Re:So What Was the FBI Supposed to Do? (2)

Hentes (2461350) | more than 2 years ago | (#39880965)

what was the FBI supposed to do? Throw up their hands and say "Nothing can be done" to the parents and students at the University.

Yes. There is no way to stop anonymous threats from happening. But you aren't required to evacuate every time a 12 year old kid calls you.

Yes you are (1)

Sycraft-fu (314770) | more than 2 years ago | (#39881189)

In the law-suit happy world we live in, you dam sure do need to evacuate on bomb threats. If you do, you'll get sued. Even if it is just a case of you didn't evacuate and it is revealed that you received a threat there's a decent chance you get sued. However in the event there is a bomb and it goes off? You are fucked, sued out of existence. So, institutions have to err on the side of caution, on the side of not getting sued.

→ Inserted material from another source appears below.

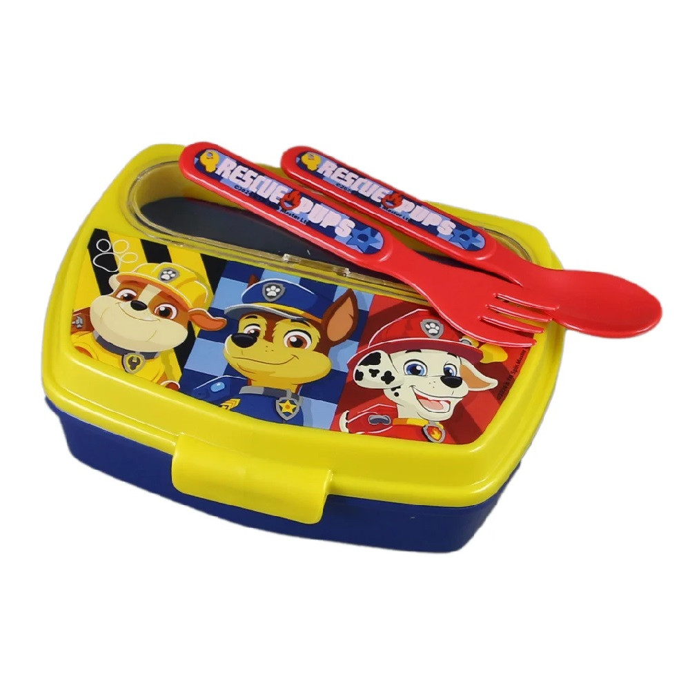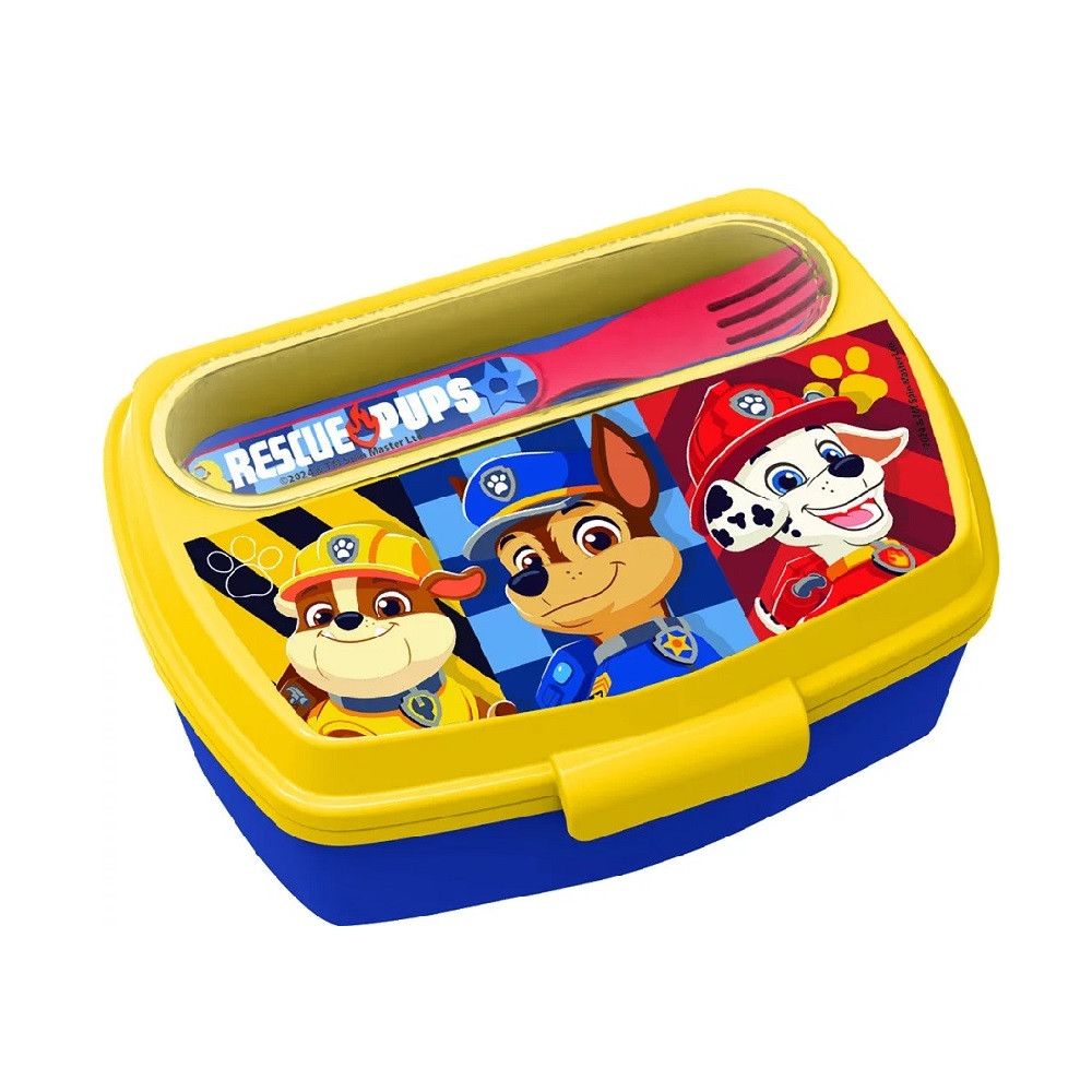 Mancs Őrjárat szendvicsdoboz, amely nem csak a kedvenc mesehősökkel díszített, de a praktikus beépített evőeszközöknek köszönhetően a komplett étkezés kényelmét is biztosítja. A doboz rekeszében praktikus, a dobozhoz illő kanál és villa található, így gyermeknek nem kell külön evőeszközt csomagolni.

What it changed? Change the law first. However you cannot reasonably say to a university "Just ignore it, hope it is nothing and that nobody find out and sues you."

Also there are ways to stop anonymous threat from happening, you just really, REALLY won't like any of them.

Re:Yes you are (2)

Mordermi (2432580) | more than 2 years ago | (#39881231)

I agree with this. Also, my girlfriend works there and I would much rather them evacuate than my girlfriend get blown up because they ignored a threat by "a 12 year old kid" that turns out to be real.

Re:So What Was the FBI Supposed to Do? (0)

Anonymous Coward | more than 2 years ago | (#39880991)

They could have shut down the campus and university network, as that would undeniable prevent any more threat being sent over email. It would also be very visable for the students and parents!

Re:So What Was the FBI Supposed to Do? (1, Insightful)

cpu6502 (1960974) | more than 2 years ago | (#39881035)

No law was broken?!?!?

Try reading the Bill of Rights sometime. The FBI broke the 6th law in that document (also known as the 4th amendment) which requires obtaining a search warrant from a judge prior to entrance.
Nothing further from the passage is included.